Incremental clustering pipeline from quantms data. quantms is a workflow for reanalysis of public proteomics data. The quantms not only release a workflow to the public but also perform reanalysis of public proteomics data in a systematic way for TMT, LFQ, ITRAQ and other DDA methods.
quantms has reanalyzed an extensive number of datasets with almost 1 billion MS/MS (Mass Spectrometry/Mass Spectrometry) MS2 analyzed, comprising nearly 100 million PSMs (Peptide-Spectrum Matches) derived from various tissues, cell lines, and diseases.
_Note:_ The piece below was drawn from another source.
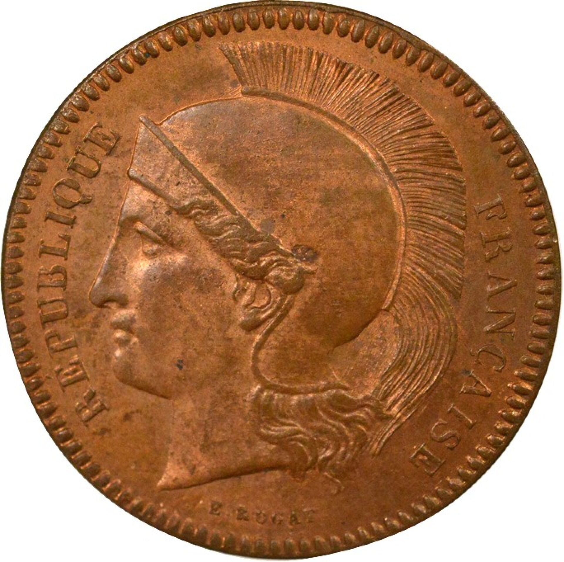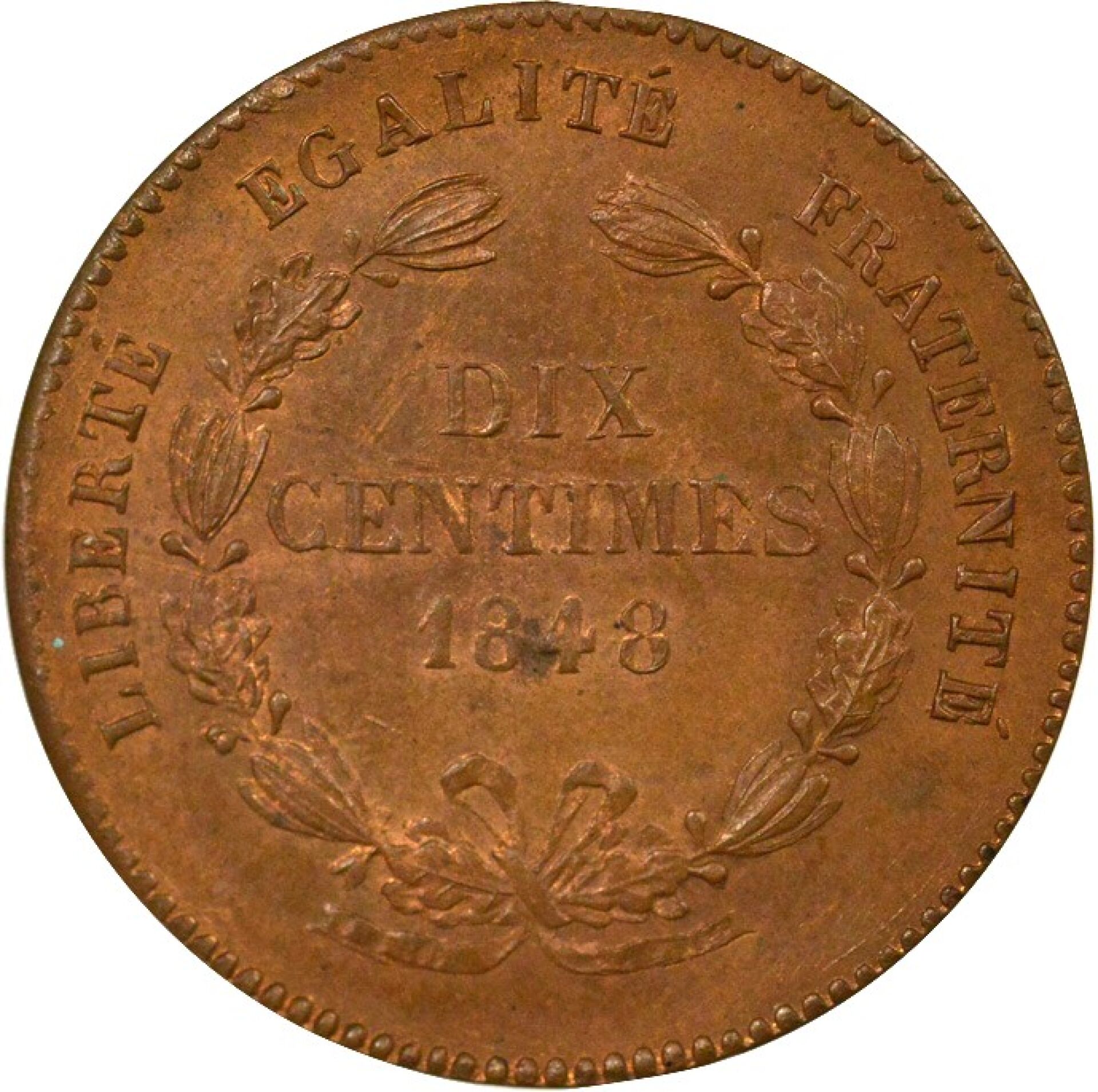 Essai de 10 Centimes en cuivre par Rogat, 2e concours, 2e revers, 1848 Paris, SPL

In light of this vast wealth of data,The spectrafuse aims to apply spectral clustering techniques to organize this data and construct spectral libraries.
spectrafuse is a nextflow workflow that perform incremental clustering of quantms and is based in the tool MaRaCluster.
The workflow in a nutshell:
Reference: https://github.com/bigbio/spectrafuse/blob/main/docs/algorithm.png
The workflow is designed to be run in a high-performance computing environment, and it is built using Nextflow. It uses Docker/Singularity containers making installation trivial and results highly reproducible. The Nextflow DSL2 implementation of this pipeline uses one container per process which makes it much easier to maintain and update software dependencies.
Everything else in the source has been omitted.